The very cheap Lightning Network (LN), which is meant to be used for micropayments and things like buying coffees, now charges more than what would have bought you two cheeseburgers in the 70s.
“If you need more outbound liquidity quickly, it can currently cost $0.50+,” Alex Bosworth, an LN dev, publicly said before adding:
“Instead of paying $0.50 to add $10 you could pay $0.21 to refill an existing channel.”
The fees on Bitcoin Cash by comparison are basically zero, while in eth they’re around a penny for ordinary transactions.
On LN however there are quite a few services you have to pay for as this solves the double spending problem in a fairly centralized way whereby you need someone to extend you liquidity.
In simple terms that means someone has to kind of lock the same amount of coins you want to move if they are routing it around, so extending you “credit” in an IoU chain.
“Normal Lightning payments are trust-limited, but of course that is a bit inconvenient sometimes so some novel IOU modes of operation are popping up I don’t think it’s necessarily bad if done judiciously. If your peer wants a line of credit maybe set the limit at past fees earned,” Bosworth says.
Credit of course is not cheap. To perform this “lending” service, the lender is missing on opportunity costs, so you get to pay for it.
“Routing fees are primarily about selling your inbound liquidity since that is the scarce resource in the network,” Bosworth says.
So fees on the Lightning Network might be as expensive as they are currently on-chain, but those on-chain fees are meant to pay for security, fees which LN is kind of taking off miners.
In addition, there’s no network wide consensus on the Lightning Network so one can modify their own node to do whatever they want.
Plus, since you need all this liquidity and routings and watchtowers and whatever else, most would probably just use custodian wallets which can potentially exit scam or can engage in fractional banking with your coins.

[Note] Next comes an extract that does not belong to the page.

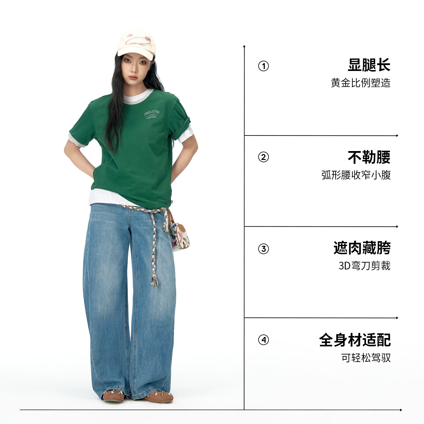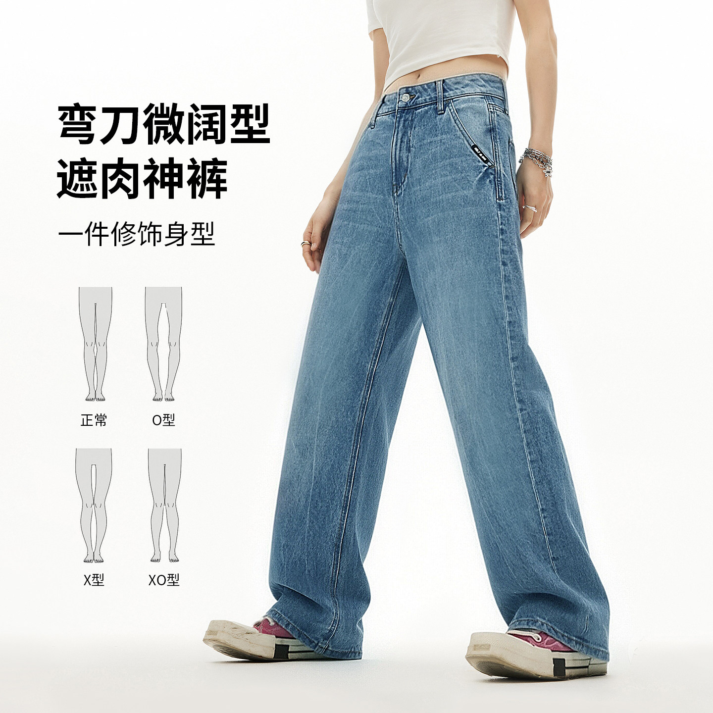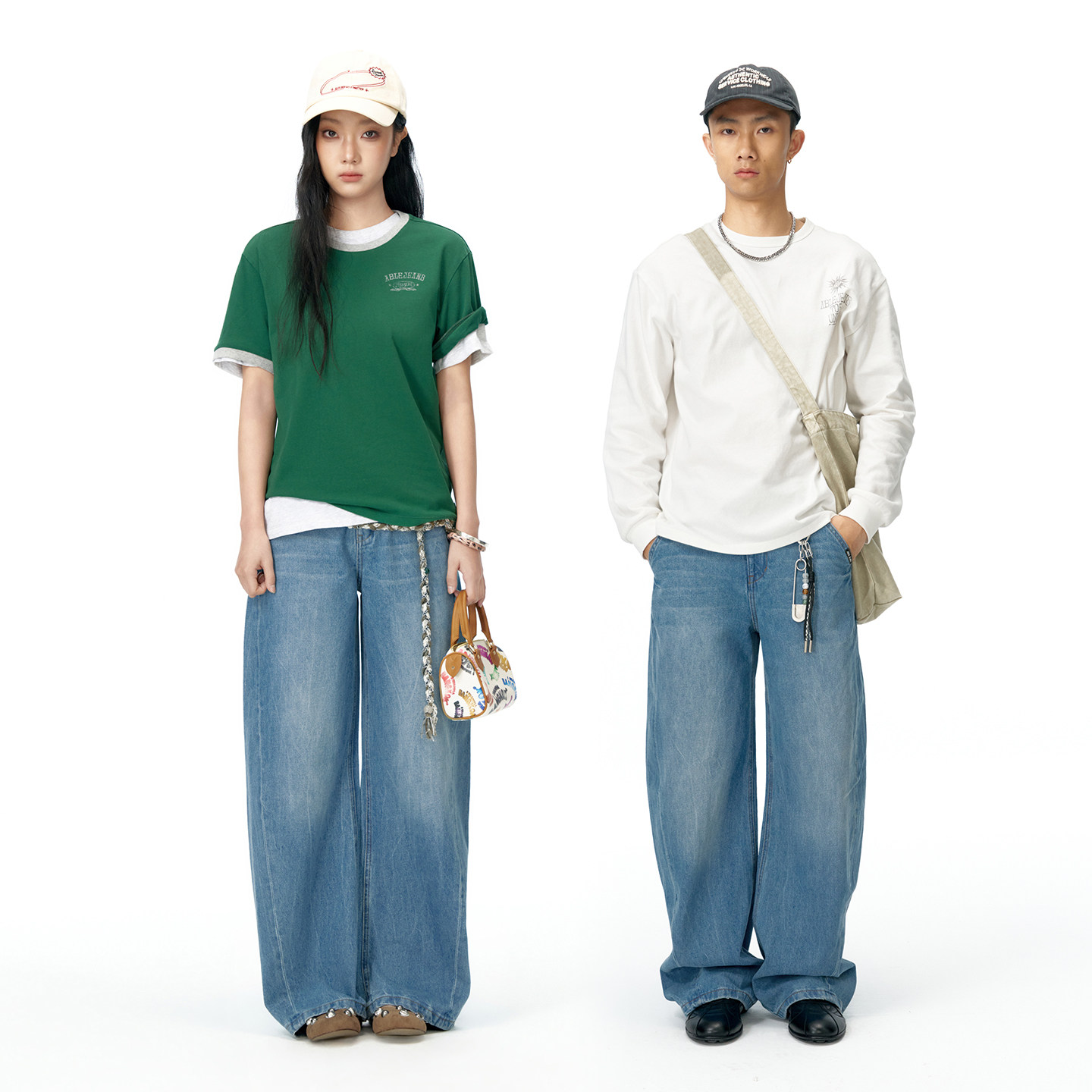 ABLE JEANS【工装拖地裤】新款女宽松百搭阔腿弯刀拖地牛仔裤 - ablejeans旗舰店

“Some LN apps are going to make use of longer capital holds. They can because in a decentralized protocol people can do whatever they like,” Bosworth says.
Ostensibly all this is meant to be an improvement on the current bitcoin network, but Bosworth says “it’s possible that LN will not work out.”
Plenty have concluded it doesn’t work out, with the question being what happens then. For Blockstream, the answer would be to use their altcoin, LBTC, that runs on the centralized Liquid blockchain which pays Blockstream fees.
For the rest of the bitcoin ecosystem, the question is not if but when should on-chain capacity be increased, and how exactly.